Dalam hal ini, penulis justru memiliki sejumlah pertanyaan yang ditujukan kepada pak Kyai Samsul Hadi, Ketua PCNU Probolinggo. Satu, sebagai orang yang bergelar ‘kyai’, lebih-lebih menjabat sebagai seorang pimpinan atau ketua sebuah lembaga Islam, tentunya pak Samsul Hadi memahami Islam bahkan lebih dari penulis, seharusnya. Anehnya, sebagai seorang yang paham Islam ia justru menolak sesuatu yang diwajibkan oleh Allah SWT, rabbnya, dan Nabi Muhammad SAW, Nabi nya. Jika memang sudah tahu bahwa Indonesia bukan negara Islam, kenapa pak ‘kyai’ justru ikut mendukung eksistensi sebuah negara kafir itu dan menghardik serta mengusir seorang ulama yang lebih berilmu dan lebih tua darinya keluar dari Indonesia karena alasan sang ulama itu mendakwahkan formalisasi penegakan Syariat Islam atau Negara Islam (penulis menggunakan istilah negara kafir sebagai antonim dari negara Islam karena semua muslim pasti mengetahui bahwa lawan kata muslim adalah kafir_pen). Hal yang lucu menurut penulis, jika memang yang bersangkutan menyandang ‘gelar kyai’.

Kyai Achmad Munib

Lebih dari itu, kenapa pak kyai Samsul yang sudah tahu bahwa negara Indonesia bukan negara Islam tetapi justru membiarkannya saja sedangkan di dalam pelajaran-pelajaran Fiqih dan Syariat yang pernah ia pelajari, bahwa tegaknya sebuah daulah Islam atau syariat Islam adalah sarana yang paling efektif untuk menegakkan perintah-perintah Allah SWT khususnya bab Hudud yang diwajibkan oleh-Nya. Penulis hanya menggumam dalam hati,”Akalmu ditaruh dimana pak kyai?”

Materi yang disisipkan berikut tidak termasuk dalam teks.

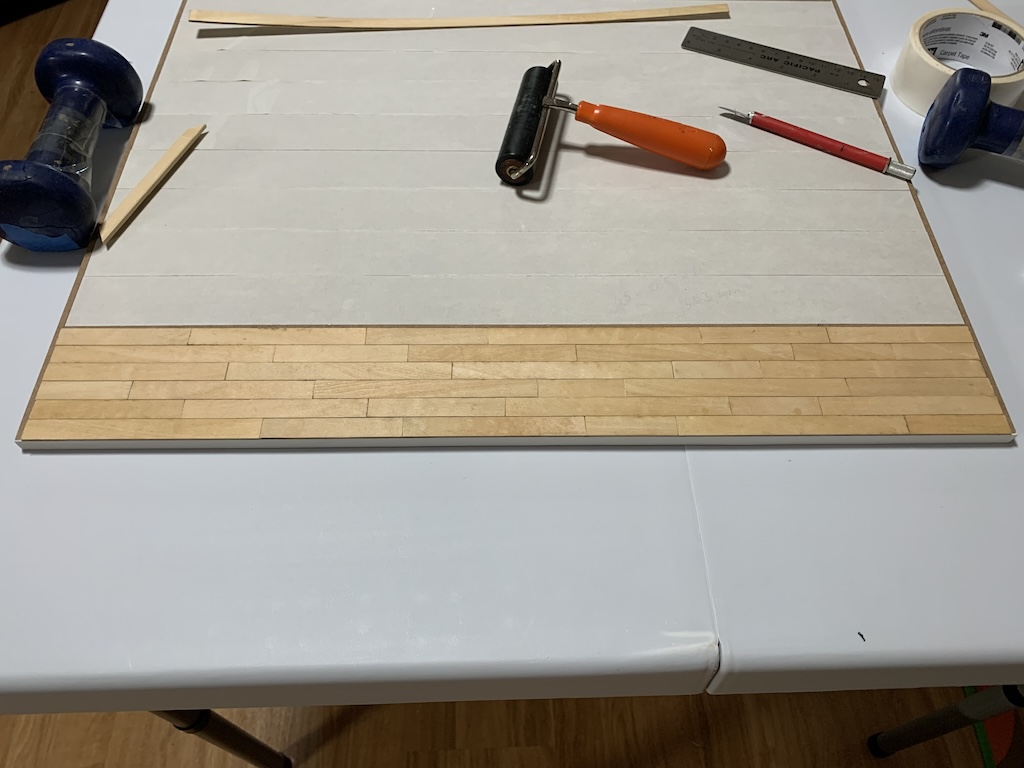 With the carpet tape down on the loft floor, I was ready to cut the 1/2-inch-wide birch strips into varying lengths of planks.   But how long should they be?  Looking back at the mahogany flooring I had installed in my Craftsman style doll house, I found that I had cut these strips into 2-, 3-, 4-, and 5-inch planks to give me a number of combinations to complete a row and avoid plank end joints lining up directly side-by-side.
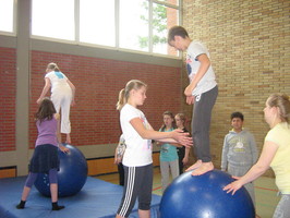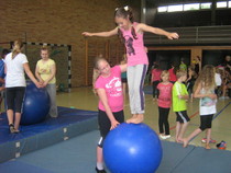Balllauf ist, wie man am Wort schon hört, zu lernen, auf einem Ball zu laufen. Der Ball darf nicht zu klein sein – also nicht so klein wie ein Fußball. Er muss einem mindestens bis zur Hüfte gehen. Man klettert auf den Ball. Eigentlich hüpft man auf den Ball und versucht, das Gleichgewicht zu halten. Wenn man gut stehen kann, kann man versuchen sich zu drehen. Wenn man das auch gut schafft, kann man versuchen, von einem Ball zu einem anderen Ball zu hüpfen. Wenn man auch das gut kann, kann man versuchen mit dem Ball zu laufen. Aber Achtung: Wenn man nach vorne läuft, geht der Ball zurück. Wenn man zurückläuft, rollt der Ball vorwärts.
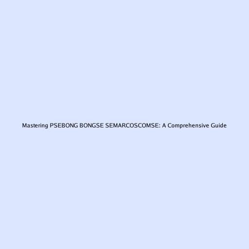 Mastering PSEBONG BONGSE SEMARCOSCOMSE: A Comprehensive Guide
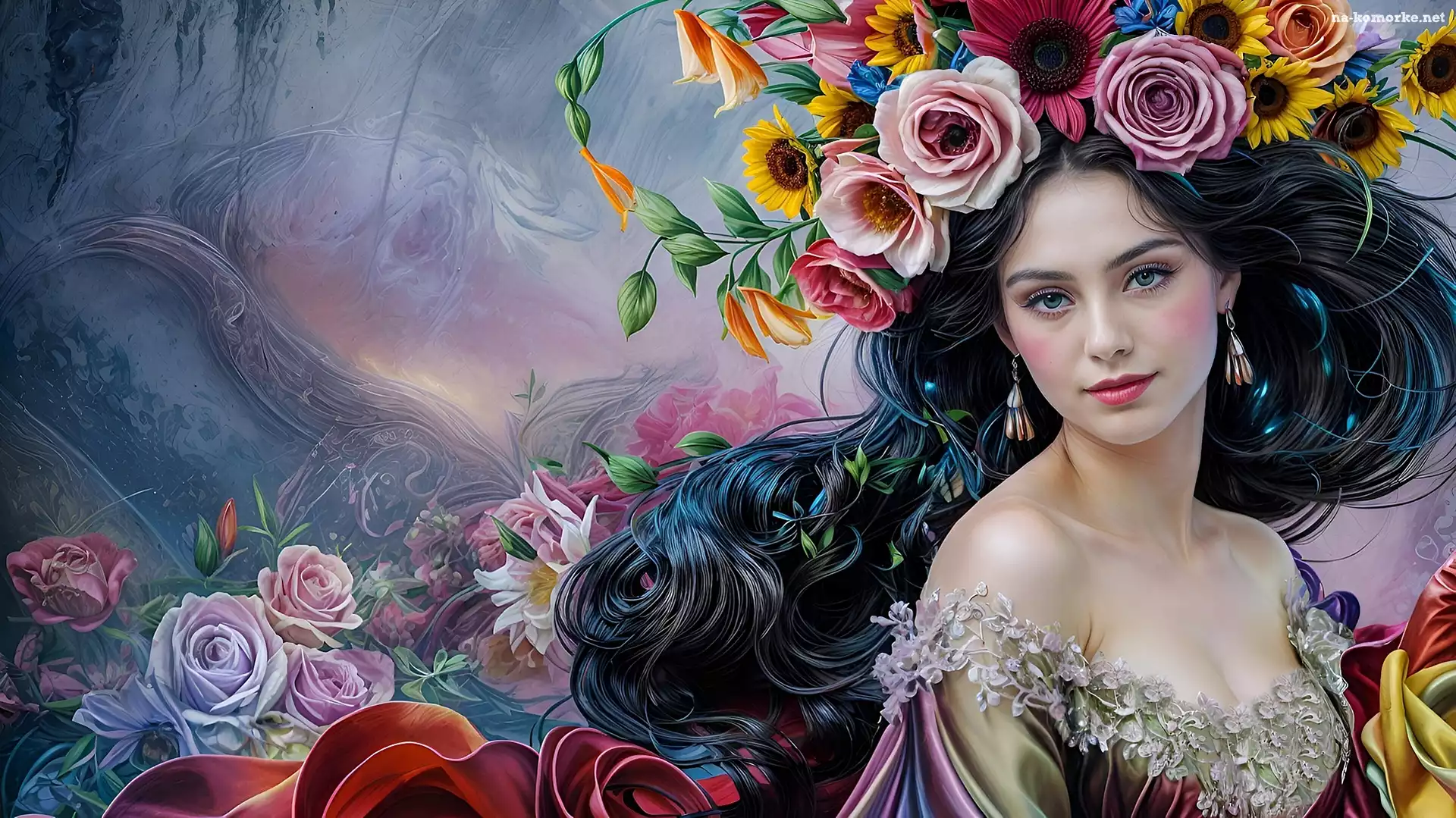 Wianek, Dziewczyna, Kwiaty, Grafika, Brunetka, Kobieta na Komórkę
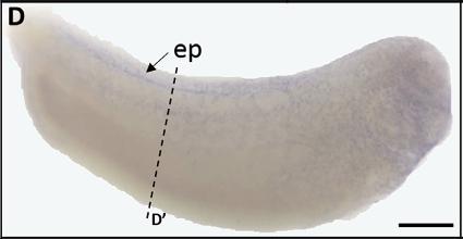 Larger Image trpv6 (transient receptor potential cation channel, subfamily V, member 6) gene expression in Xenopus laevis embryo, assayed via in situ hybridization, NF stage 30, lateral view, anterior right, dorsal up. This image is extracted from figure published in: Dong C et al. (2018) Copyright © 2018. Image reproduced with permission of the Publisher, Elsevier B. V.
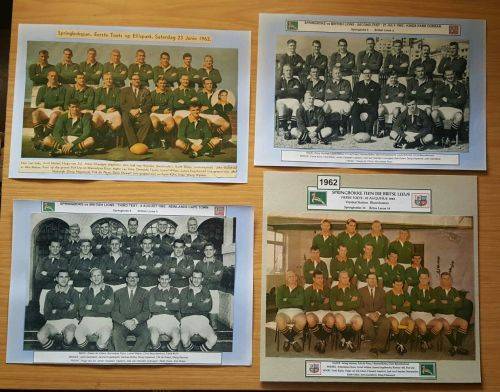 Below : Pictures of the four Springbok teams who played against the British lions in the four tests 1962. 1st Test : magazine picture, 2nd and 3rd tests : black and white photo prints, 4th test : magazine picture. Pictures of the first three test teams each glued to scrapbook pges measuring 350mm x 230mm. Fourth test picture glued to a board measuring 320mm x 305mm.

Kedua, jika memang pak Kyai pro Pancasila dan Indonesia, kenapa pak kyai angkat bicara dengan lantang dengan nada mencela kepada ulama sepuh KH. Achmad Munib yang memiliki keyakinan kuat atas apa yang beliau pegang sementara pak kyai diam saja melihat adanya Kota Injil Manokwari yang sudah bukan lagi pada tataran konsep atau ajaran tetapi sudah dilaksanakan? Jika melihat ‘gelar kyai’ yang melekat pada pak Samsul Hadi ini benar-benar meresap di hati, maka orang awam pun akan mempertanyakan sikap ketidakkonsistenan kyai Samsul Hadi. Dalam kesimpulan sementara Penulis, kyai Samsul Hadi sangat terlihat sekali inkonsistensinya dalam mengamalkan Pancasila itu sendiri. Jika memang kyai Samsul Hadi seorang Pancasilais, tentunya kyai Samsul juga harus menolak Kota Injil Manokwari. Dan terlebih sebagai seorang muslim, kyai Samsul seharusnya lebih menolaknya. Apakah jika umat Islam hendak menegakkan syariat Islam harus selalu ditolak karena alasan ‘menghormati’ kaum minoritas? Lantas ketika umat minoritas hendak menegakkan ajaran agama yang secara bersamaan melarang praktek ajaran agama lainnya diperbolehkan? Ingat pak kyai, bahwa di Manokwari jilbab, adzan, dan hal-hal berbau keislaman dilarang melalui perda.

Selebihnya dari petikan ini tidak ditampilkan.